** INPUT follows **

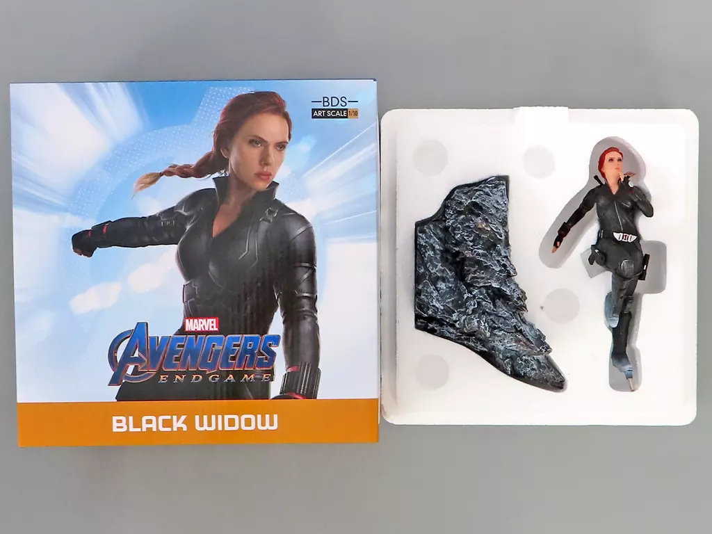 A partir de las imágenes originales de la película, la figura de la "Viuda Negra" Natasha Romanov se reproduce en una impresionante forma de construcción con una altura total de aproximadamente 21 cm (incluyendo la base).
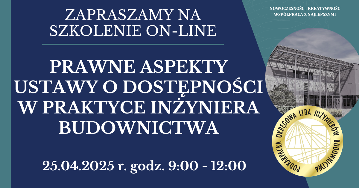 | Szkolenie on-line PDK OIIB - Prawne aspekty ustawy o dostępności w praktyce inżyniera budownictwa - 25.04.2025 r. |
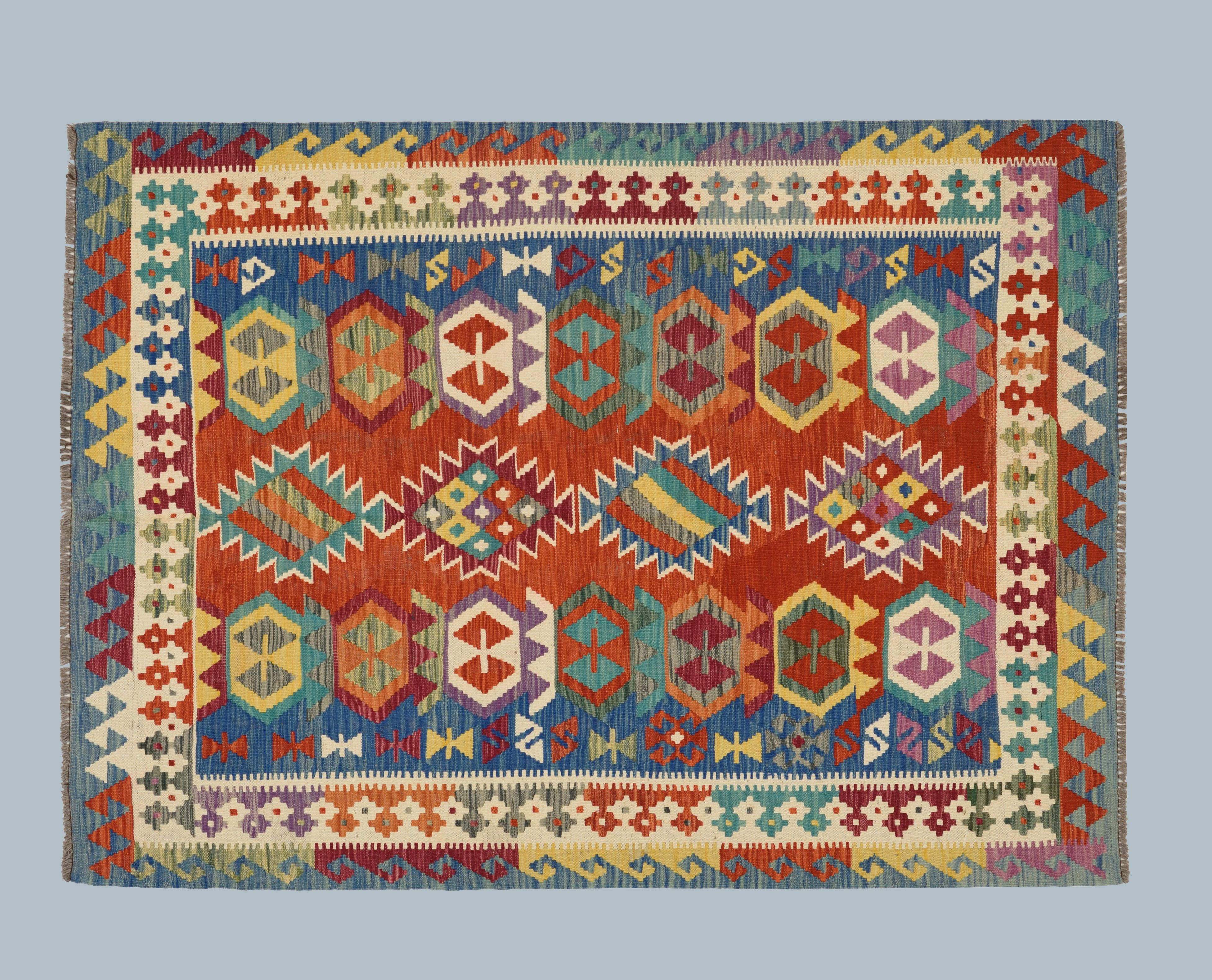 Intrecciati prevalentemente in Afganistan con nuovi colori vivaci o a pastello, riprendono tutti i motivi arcaici tramandati da secoli di generazione in generazione. I kilim nuovi sono una tessitura manuale piana realizzata con tecnica a stacchi; questa prevede che i fili di trama dello stesso colore passino sopra un ordito comune, lo avvolgano e tornino indietro lasciando una fessura che crea una separazione netta tra i blocchi di colore.I diversi blocchi danno origine a disegni geometrici, a questi motivi le tessitrici danno aspetto ornamentale o di talismani simbolici. Ad esempio, i motivi dei kilim nuovi noti con il nome di Elibelinde, sono una figura antropomorfica di dea, simbolo di nascita, spesso rappresentata in forma facilmente riconoscibile, addirittura a volte rappresentata con il figlio in grembo.I kilim nuovi con motivi Bukagi, passatoia per animali, Yin-yang (originari del lontano oriente), Su yolu acqua che corre, Muska amuleto contro il malocchio. Infinità di motivi combinati tra loro in modo fantasioso ed originale danno luogo a forme decorative e colori armonici che attraggono piacevolmente la nostra attenzione.I kilim nuovi appagando il nostro piacere estetico contemporaneo ci tramandano una storia secolare di comunicazione grafica ed una simbologia densa di significati. Ecco altri motivi tipici che anche in queste nuove manifatture ci tramandano una cultura secolare.Motivi ricorrenti nei Kilim nuovi: Cencel ad uncino, motivi a testa di uccello, a scorpione con motivo Akrep, motivi Yildiz, Agaci, Kus, Nazarlik, Kupe, Bukagi, sono inseriti tra le forme romboidali o a medaglione, in bordura o all'interno del campo del kilim.
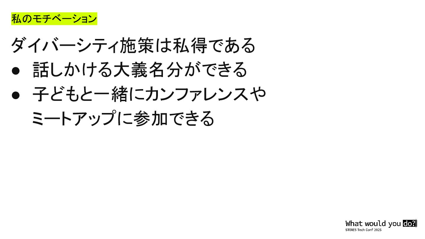 ダイバーシティ施策は私得である • 話しかける大義名分ができる • 子どもと一緒にカンファレンスや ミートアップに参加できる 私のモチベーション
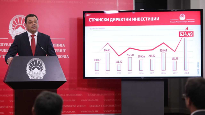Заменик-претседателот на Владата задолжен за економски прашања и за координација со економските ресори, Кочо Анѓушев денеска истакна дека директните странски инвестиции во земјава за 2018 година изнесувале рекордни 624.49 милиони евра, нагласувајќи оти очекува во 2019 година да бидат уште поголеми благодарение на посветеноста на Владата како и на приклучувањето кон НАТО.
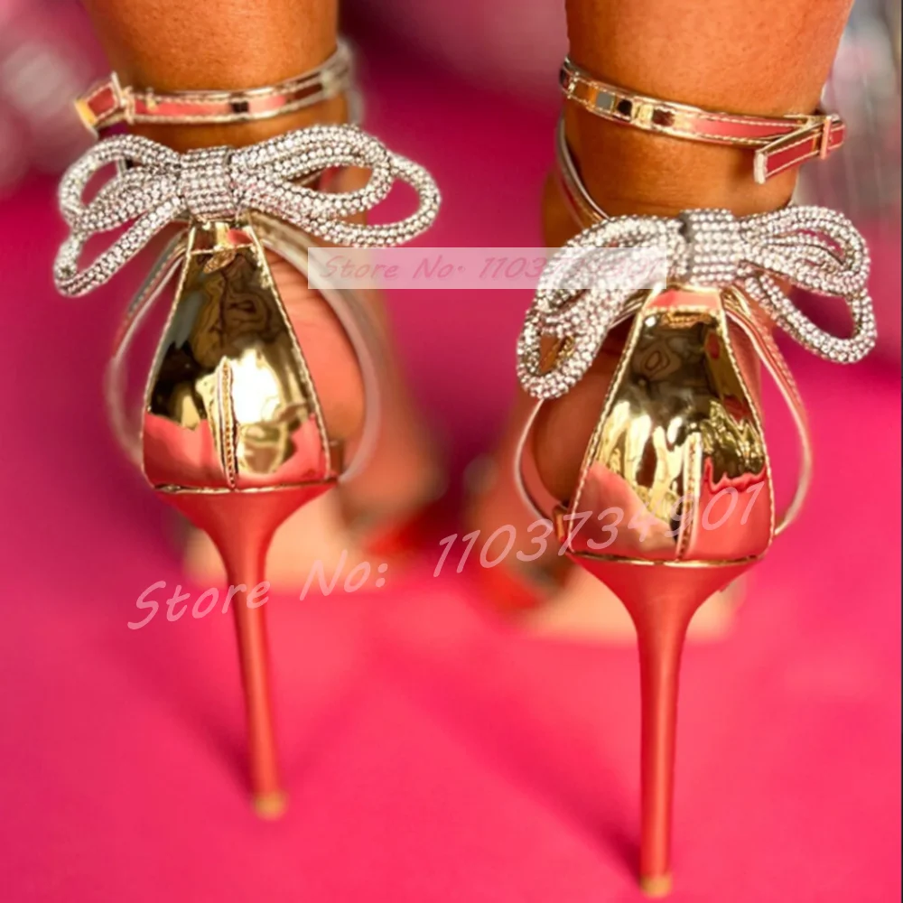 Model Number: Gold Pointy Toe Crystals Bow-Knot Sandals
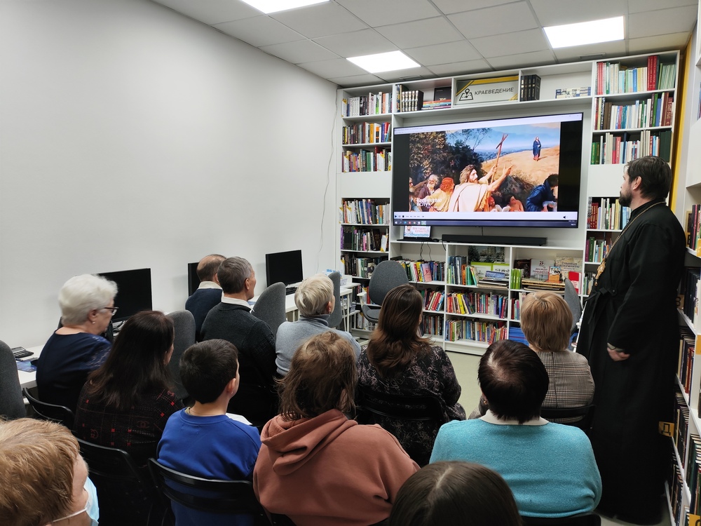 17 января 2026 года в библиотеке «Книжная радуга» (ул. Новогодняя, 2) состоялось первое заседание литературного библейского дискуссионного клуба «Иверский». Встреча приурочена к православному празднику Крещения Господня и посвящена теме «Что такое верность?». Настоятель храма Иверской иконы Божией Матери – протоиерей Сергей Алексеевич Семиков рассказал о Священном Писании – Библии. Каждый знаком с книгой, но не всякий читал ее и тем более не все могут понять осмысленно, что в ней изложено. Изучать послания нужно постепенно и вдумчиво и именно тогда раскроется истинный смысл и пути Господни. Для визуализации образа Сергей Алексеевич подготовил для гостей встречи видеофрагмент «Евангелия вслух», это популярный видеопроект на телеканале «Спас», суть которого заключается в том, что послания зачитают знаменитые актеры, телеведущие. Сегодня темой для беседы и обсуждения стало послание от Марка глава 1, которое в видеофрагменте зачитал телеведущий Андрей Малахов. Основой для дискуссии стали таинство Крещения, роль крестных родителей и смысл принятия этого обряда в осознанном возрасте. Участники также обсудили интересный исторический факт: на Руси крестили лишь трижды в год – на Рождество, Крещение и Пасху. Приглашаем всех желающих на следующую встречу клуба «Иверский», которая состоится 31 января. Тема для обсуждения: «О честном труде». Библиотека семейного чтения «Книжная радуга», тел.: 69-26-93.
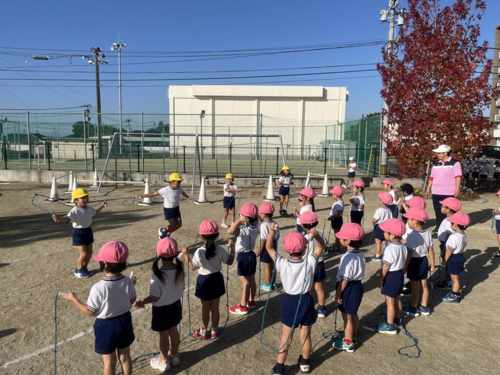 マラソン大会を終え、桃組さんは縄跳びに夢中です!
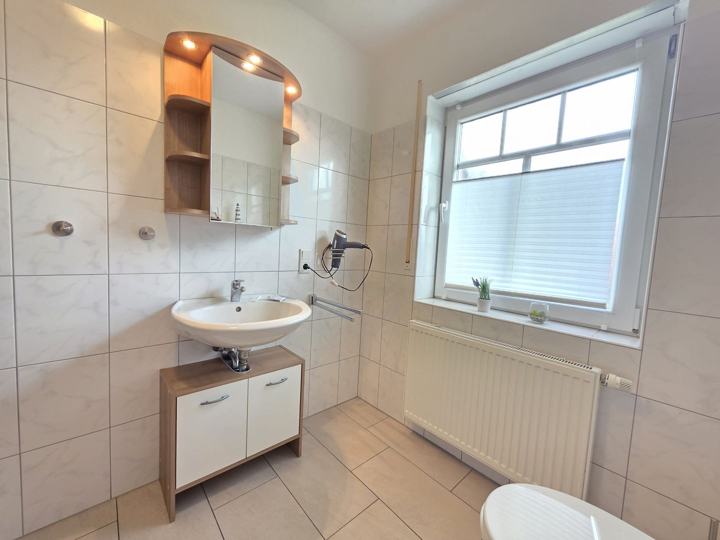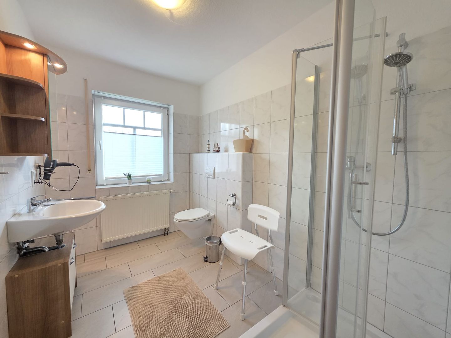 Das moderne Tageslichtbad verfügt über Dusche und WC. Kostenloses WLAN sorgt auch im Urlaub für eine stabile Internetverbindung.

** End of INPUT **

In the entries above, which lines run from the one with "ダイバーシティ施策は私得である • 話しかける大義名分ができる" up to and including the one with "Model Number: Gold"? Write them out exactly, without the pictures.

 ダイバーシティ施策は私得である • 話しかける大義名分ができる • 子どもと一緒にカンファレンスや ミートアップに参加できる 私のモチベーション
Заменик-претседателот на Владата задолжен за економски прашања и за координација со економските ресори, Кочо Анѓушев денеска истакна дека директните странски инвестиции во земјава за 2018 година изнесувале рекордни 624.49 милиони евра, нагласувајќи оти очекува во 2019 година да бидат уште поголеми благодарение на посветеноста на Владата како и на приклучувањето кон НАТО.
 Model Number: Gold Pointy Toe Crystals Bow-Knot Sandals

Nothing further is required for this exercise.